Anche un deputato grillino può prendere fino a 11.300 euro al mese

FONTE ORIGINALE: www.huffingtonpost.it  di Andrea Bassi

Per i deputati del Movimento 5 Stelle è il primo banco di prova. I costi della politica sono stati la bandiera della loro campagna elettorale. Ieri sul sito del movimento di Beppe Grillo è stato pubblicato il “decalogo” che deputati e senatori a 5 Stelle dovranno seguire. E quanto al massimo potranno guadagnare per il loro ruolo.

trattamento economico deputato 5 stelle beppgrillo

Dunque il documento del Movimento dice che rinunceranno a parte dell’indennità parlamentare. Si accontenteranno di 5.000 euro lordi mensili. Tolte le ritenute dovrebbero essere più o meno 2.500 euro netti, anche se la cifra finale potrebbe anche essere più bassa, tenendo conto che dal lordo deve essere anche tolta una cifra di 784,14 euro per l’assegno di fine mandato (al quale i grillini però rinunceranno) e altri 526 euro per l’assistenza sanitaria.

Ma il punto è un altro. Il regolamento del movimento 5 Stelle spiega anche che i deputati grillini non rinunceranno ad ogni altra voce come diaria, benefit, spese di viaggio, spese telefoniche, ecc. Nella busta paga di un onorevole queste voci valgono quasi quanto l’indennità di parlamentare.
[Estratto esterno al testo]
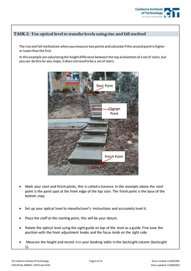 2. Practical assessment Carry out Levelling Operations | DOCX

VEDI IL TRATTAMENTO ECONOMICO DEI PARLAMENTARI

C’è innanzitutto la diaria. Sono 3.503,11 euro al mese ai quali vanno sottratti 206,5 euro per ogni giorno di assenza dai lavori parlamentari e 500 euro se le assenze superano una certa percentuale. Poi ci sono altri 3.690 euro al mese come rimborso spese per l’esercizio del mandato, il 50% per pagare i collaboratori, il 50% in maniera forfetaria. Ci sono poi i rimborsi chilometrici, 3.995 euro ogni tre mesi se il deputato vive oltre i 100 chilometri da Roma. Fanno altri 1.331,7 euro al mese. E, infine, i 3.098,74 euro annui di rimborso delle spese telefoniche. Altri 258,6 euro al mese.

Il calcolo è semplice. Per un deputato stakanovista, che non fa assenze, e vive oltre 100 chilometri da Roma, sul suo conto corrente a fine mese si troverebbe: 2.500+3.503+3.690+1.331,7+258,6 = 11.283,3 euro. Gli onorevoli degli altri partiti, (Pd, Pdl, Monti) incasseranno ovviamente 2.500 euro in più. Quello dei deputati grillini è, probabilmente, un primo importante passo. Ma sarebbe da discutere se non fosse il caso che i soldi per i collaboratori dei Parlamentari, invece di finire nelle buste paga dei deputati, non fossero versati direttamente dall’amministrazione. Anche questo sarebbe un interessante segnale.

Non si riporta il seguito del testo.